#### Task instructions:
Here is the task for the listing below: output exactly the lines from the one containing "江苏省人民政府办公厅关于印发" through the one containing "- Determine the", and leave out the pictures.

#### Data supplied:
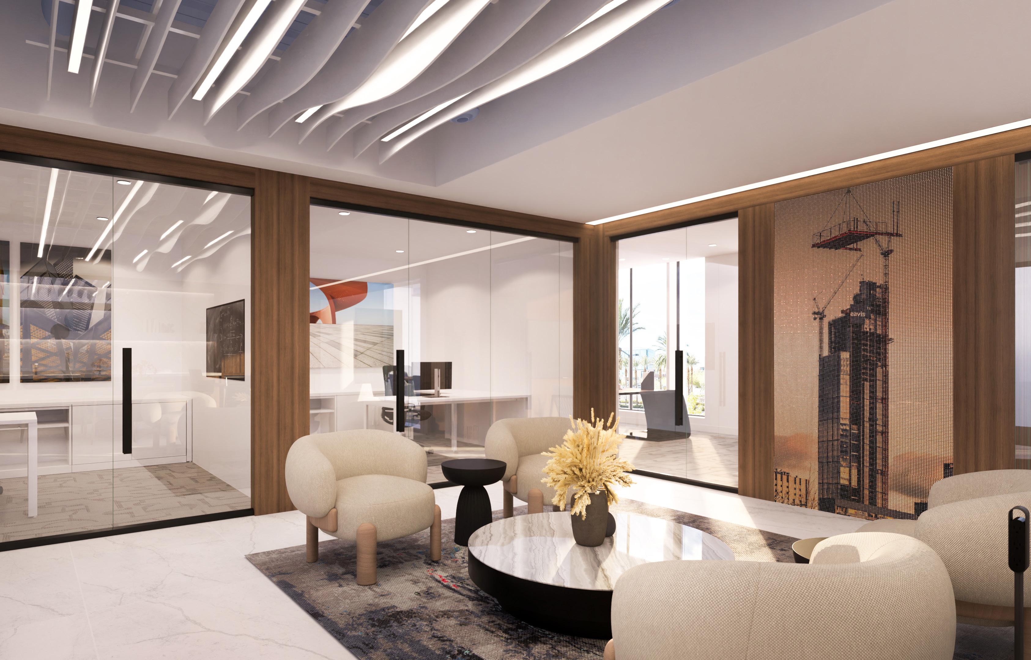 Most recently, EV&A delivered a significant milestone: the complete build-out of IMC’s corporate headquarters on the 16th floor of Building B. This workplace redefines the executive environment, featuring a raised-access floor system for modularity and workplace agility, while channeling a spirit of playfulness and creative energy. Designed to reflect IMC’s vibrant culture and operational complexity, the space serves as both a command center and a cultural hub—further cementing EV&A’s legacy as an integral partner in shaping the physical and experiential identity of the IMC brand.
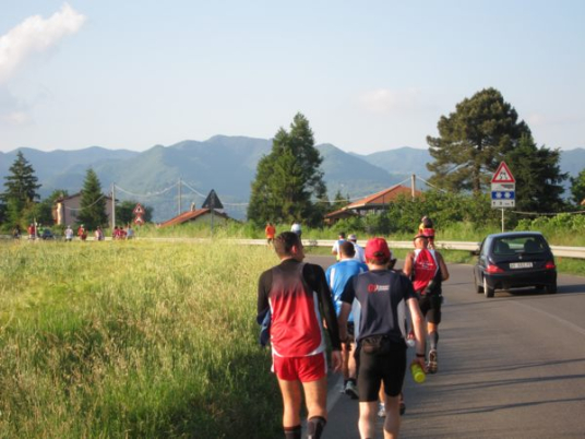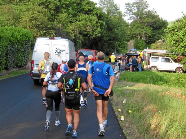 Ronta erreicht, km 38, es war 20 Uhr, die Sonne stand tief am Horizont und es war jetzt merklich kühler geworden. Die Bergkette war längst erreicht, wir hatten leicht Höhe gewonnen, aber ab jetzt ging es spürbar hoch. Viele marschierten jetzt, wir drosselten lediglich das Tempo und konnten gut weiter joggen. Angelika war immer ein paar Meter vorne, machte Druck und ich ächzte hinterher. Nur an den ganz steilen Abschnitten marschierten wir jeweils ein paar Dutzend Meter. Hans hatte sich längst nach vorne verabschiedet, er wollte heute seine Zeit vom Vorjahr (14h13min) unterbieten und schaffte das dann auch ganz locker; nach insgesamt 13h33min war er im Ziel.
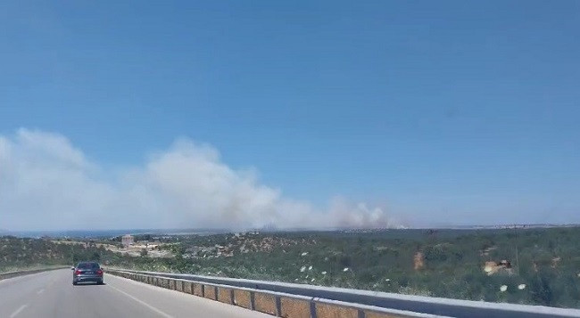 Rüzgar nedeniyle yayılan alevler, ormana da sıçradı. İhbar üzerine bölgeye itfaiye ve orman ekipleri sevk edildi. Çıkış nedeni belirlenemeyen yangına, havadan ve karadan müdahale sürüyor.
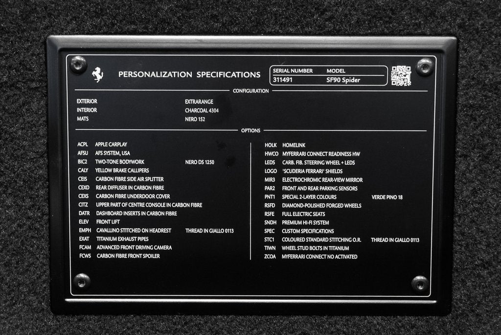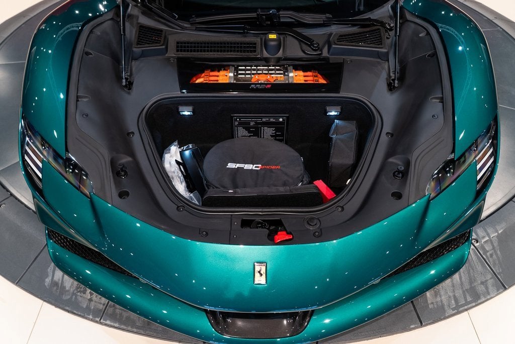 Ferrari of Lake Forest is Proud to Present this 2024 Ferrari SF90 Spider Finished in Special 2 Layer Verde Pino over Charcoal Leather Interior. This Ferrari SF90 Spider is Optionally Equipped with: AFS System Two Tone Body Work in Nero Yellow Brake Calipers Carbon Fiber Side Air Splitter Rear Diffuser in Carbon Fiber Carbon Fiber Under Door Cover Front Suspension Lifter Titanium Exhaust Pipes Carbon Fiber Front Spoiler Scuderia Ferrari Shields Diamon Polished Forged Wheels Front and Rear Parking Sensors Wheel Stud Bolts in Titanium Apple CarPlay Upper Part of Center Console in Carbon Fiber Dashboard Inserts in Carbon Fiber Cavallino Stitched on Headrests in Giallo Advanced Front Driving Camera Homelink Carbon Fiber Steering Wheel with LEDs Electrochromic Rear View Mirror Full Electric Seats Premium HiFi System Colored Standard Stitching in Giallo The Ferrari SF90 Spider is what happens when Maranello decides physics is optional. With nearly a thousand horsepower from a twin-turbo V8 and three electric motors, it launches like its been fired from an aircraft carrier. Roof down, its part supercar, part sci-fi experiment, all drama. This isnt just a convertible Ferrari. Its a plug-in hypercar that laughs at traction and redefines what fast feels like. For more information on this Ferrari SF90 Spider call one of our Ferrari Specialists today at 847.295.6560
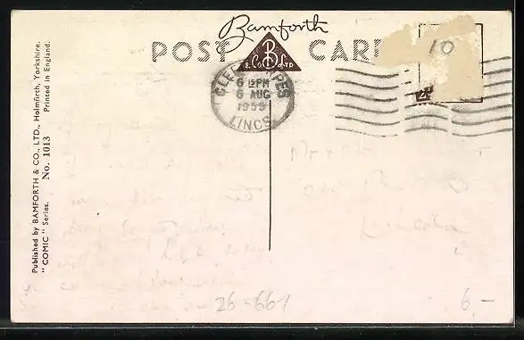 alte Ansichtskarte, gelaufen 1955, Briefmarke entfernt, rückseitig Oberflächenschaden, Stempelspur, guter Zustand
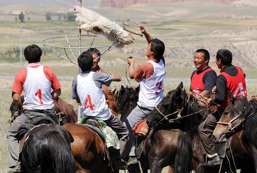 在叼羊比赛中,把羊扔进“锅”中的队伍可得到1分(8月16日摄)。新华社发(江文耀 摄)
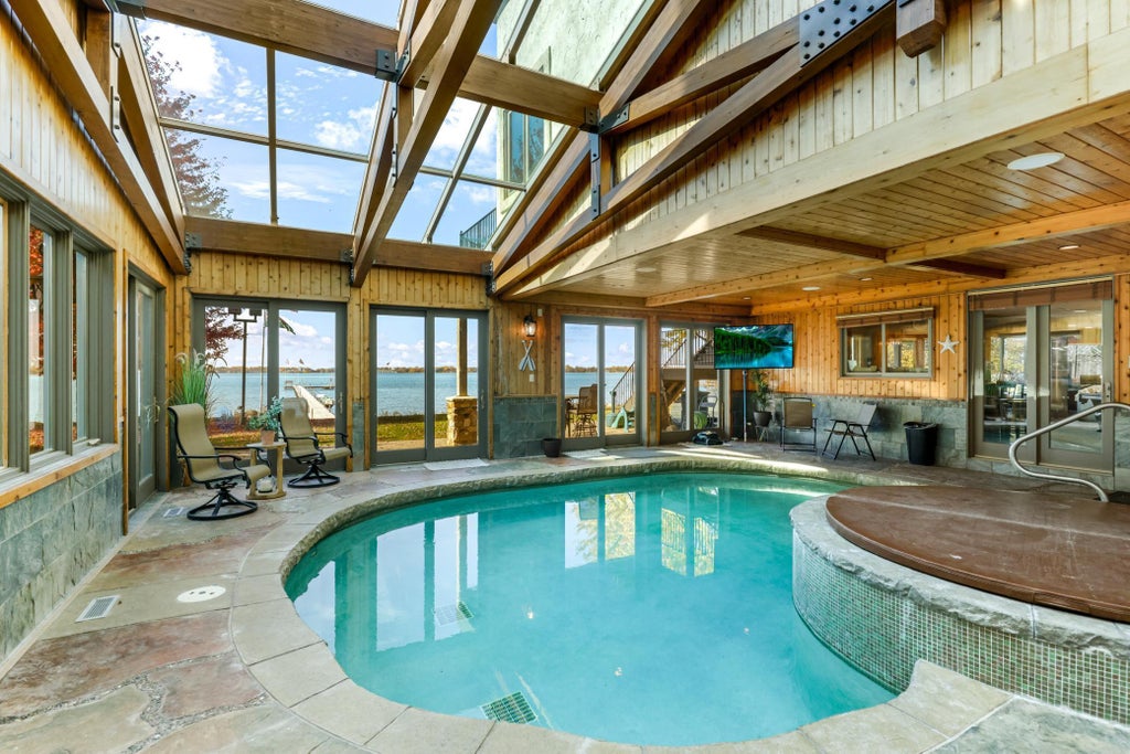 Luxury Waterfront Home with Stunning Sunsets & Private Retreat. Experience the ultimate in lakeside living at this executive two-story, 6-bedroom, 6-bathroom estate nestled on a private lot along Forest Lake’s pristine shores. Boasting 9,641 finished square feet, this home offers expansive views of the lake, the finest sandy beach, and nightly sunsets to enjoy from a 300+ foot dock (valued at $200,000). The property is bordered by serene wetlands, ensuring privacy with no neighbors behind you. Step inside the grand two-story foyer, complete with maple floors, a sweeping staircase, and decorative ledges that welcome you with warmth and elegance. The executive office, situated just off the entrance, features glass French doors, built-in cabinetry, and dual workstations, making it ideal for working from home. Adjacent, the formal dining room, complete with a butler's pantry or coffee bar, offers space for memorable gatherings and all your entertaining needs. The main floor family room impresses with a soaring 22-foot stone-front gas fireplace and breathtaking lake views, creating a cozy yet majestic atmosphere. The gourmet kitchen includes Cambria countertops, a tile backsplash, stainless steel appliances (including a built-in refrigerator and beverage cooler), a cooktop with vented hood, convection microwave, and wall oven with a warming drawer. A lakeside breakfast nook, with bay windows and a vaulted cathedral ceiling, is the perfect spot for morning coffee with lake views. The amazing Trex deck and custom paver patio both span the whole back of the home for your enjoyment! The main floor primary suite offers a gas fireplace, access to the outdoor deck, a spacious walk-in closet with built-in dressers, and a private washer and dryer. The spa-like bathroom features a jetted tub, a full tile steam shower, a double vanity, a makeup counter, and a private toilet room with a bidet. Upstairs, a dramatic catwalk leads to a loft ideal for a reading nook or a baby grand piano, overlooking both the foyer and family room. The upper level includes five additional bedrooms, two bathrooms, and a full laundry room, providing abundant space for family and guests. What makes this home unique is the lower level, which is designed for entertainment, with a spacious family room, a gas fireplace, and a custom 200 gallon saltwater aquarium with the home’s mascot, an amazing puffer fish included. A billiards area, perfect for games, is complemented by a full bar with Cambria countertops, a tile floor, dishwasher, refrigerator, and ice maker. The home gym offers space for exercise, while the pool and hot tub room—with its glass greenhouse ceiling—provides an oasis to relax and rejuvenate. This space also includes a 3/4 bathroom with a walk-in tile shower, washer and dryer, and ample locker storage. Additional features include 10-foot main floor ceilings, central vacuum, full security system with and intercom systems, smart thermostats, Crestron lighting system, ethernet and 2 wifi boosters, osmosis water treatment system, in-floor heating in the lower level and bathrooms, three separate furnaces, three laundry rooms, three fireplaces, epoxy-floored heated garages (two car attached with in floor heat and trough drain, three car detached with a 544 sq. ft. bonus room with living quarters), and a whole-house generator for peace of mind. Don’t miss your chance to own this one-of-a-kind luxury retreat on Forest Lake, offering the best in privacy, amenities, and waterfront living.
* * *
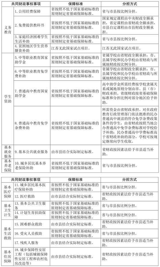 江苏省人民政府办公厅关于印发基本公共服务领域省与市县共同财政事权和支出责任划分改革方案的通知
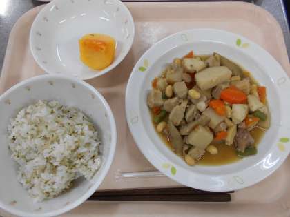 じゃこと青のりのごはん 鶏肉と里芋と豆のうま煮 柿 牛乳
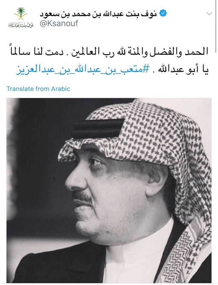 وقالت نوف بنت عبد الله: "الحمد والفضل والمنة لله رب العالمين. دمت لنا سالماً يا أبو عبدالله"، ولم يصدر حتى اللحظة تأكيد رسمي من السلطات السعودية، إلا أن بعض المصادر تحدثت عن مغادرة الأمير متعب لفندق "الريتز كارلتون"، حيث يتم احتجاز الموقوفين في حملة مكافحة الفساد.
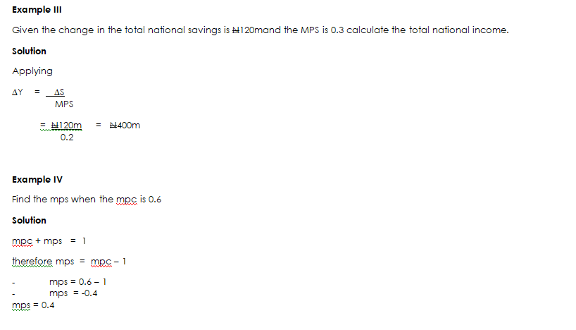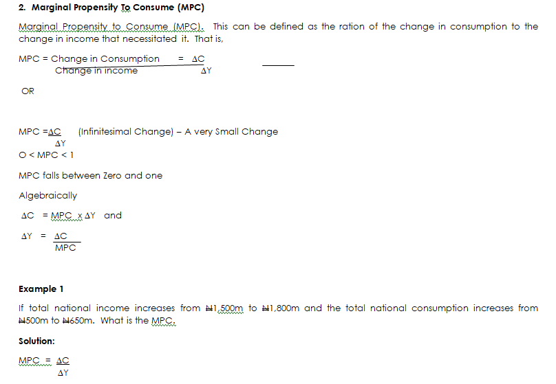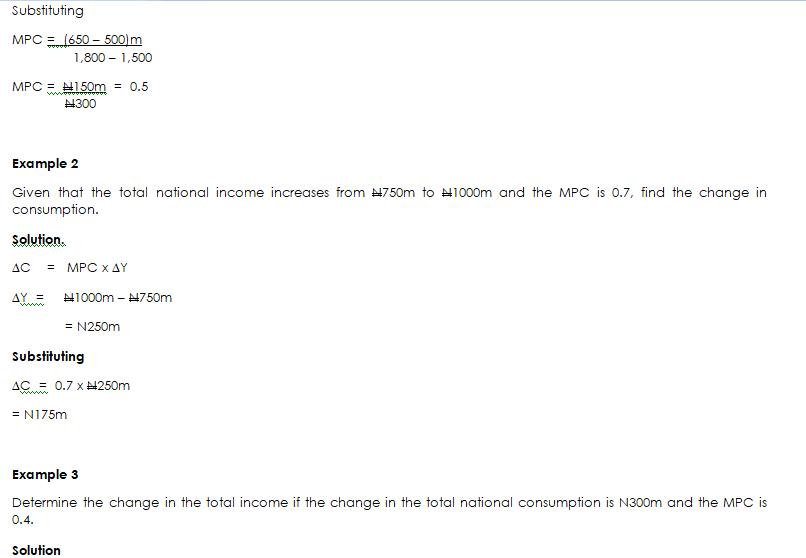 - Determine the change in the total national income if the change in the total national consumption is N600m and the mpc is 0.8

#### Output of the exercise:
 江苏省人民政府办公厅关于印发基本公共服务领域省与市县共同财政事权和支出责任划分改革方案的通知
 じゃこと青のりのごはん 鶏肉と里芋と豆のうま煮 柿 牛乳
 وقالت نوف بنت عبد الله: "الحمد والفضل والمنة لله رب العالمين. دمت لنا سالماً يا أبو عبدالله"، ولم يصدر حتى اللحظة تأكيد رسمي من السلطات السعودية، إلا أن بعض المصادر تحدثت عن مغادرة الأمير متعب لفندق "الريتز كارلتون"، حيث يتم احتجاز الموقوفين في حملة مكافحة الفساد.
 - Determine the change in the total national income if the change in the total national consumption is N600m and the mpc is 0.8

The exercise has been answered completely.